Fortunately for sufferers like me, there are organisations which can help – from online forums and group meetings, to one-to-one therapy with specially trained psychologists. It has been a very long and winding road for me to get the right treatment. I first sought help 20 years after my first memories of falling ill. There were times when treatment made things worse rather than better - largely because our health system is not sufficiently geared up to tackle such a complex and enduring problem effectively.
After plucking up the courage to go to some group meetings, which I found on the OCD Action charity's website and which were hosted by a volunteer near work, I found people who had all been through similar experiences in trying to find the right therapy. The collective view was that persistence was the key. Last year, after several attempts, I finally found a junior psychologist via my local NHS Primary Care Trust who turned my life around. Here, I underwent Cognitive Behavioural Therapy (CBT) which really worked. The improvement I saw - being able to tackle everyday situations such as dropping something on the floor and picking it up again without washing it - meant that last week I was finally able to move in with my boyfriend of six-and-a-half years. I am extremely happy, but I would be lying if I said it was easy.
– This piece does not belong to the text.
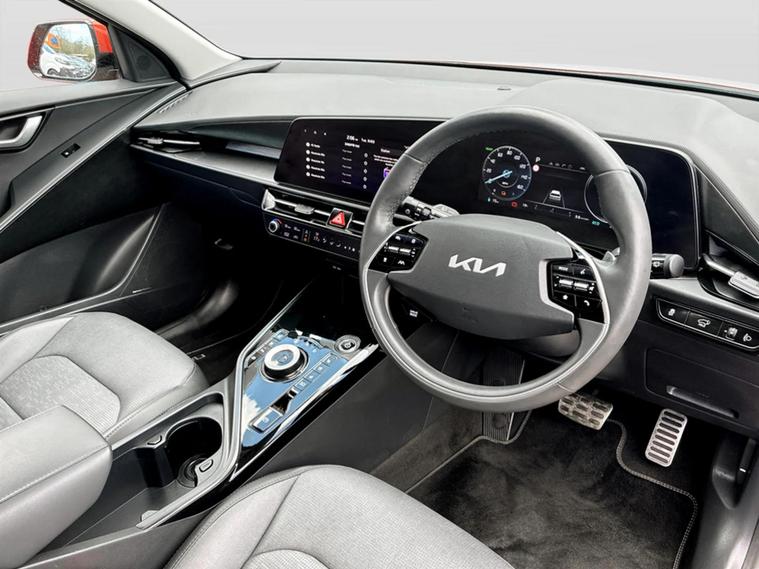 Discover this 2022 Kia Niro 4, an electric vehicle offering an impressive maximum range of 285 miles when new, perfect for your daily commutes and longer journeys. This model boasts a substantial 68 kWh battery, ensuring efficient power delivery. Charging is convenient, with a full charge at home taking approximately 9 hours and 25 minutes using a 7kW charger, and a rapid charge to 80% achievable in just 43 minutes at a public charging station. The Kia Niro 4 is equipped with a suite of features designed for comfort and ease of use. You'll appreciate the heated steering wheel for those colder mornings and the driver's power adjusted memory seat, allowing you to save your preferred driving position. Parking is made simpler with both front and rear parking sensors, including parking assistance. Stay connected and entertained with Bluetooth connectivity for music streaming. Furthermore, this electric Kia Niro offers a large boot space, providing ample room for your shopping or luggage, making it a practical choice for everyday life.

In fact, it’s the hardest thing I have ever had to do – having to share and hand over control of your personal environment that you have protected for so long, is hugely difficult. But I know that if I can’t live with another person, a person I really love, then I will have no life to live.
I never, ever thought I would be able to get better. After 25 years of suffering with OCD, I have learned that I can. But I also know that we can't improve things if sufferers like me keep everything about their condition in the dark. OCD is a serious illness with serious consequences and it's only by having these conversations that we are able to support those who have it - and make it an illness not to be ashamed of. If it’s OK to be anxious and run out of a meeting, then it’s OK to want to switch the kitchen light on and off 20 times before you leave the house. It's also OK talk about it and find support to help you get better.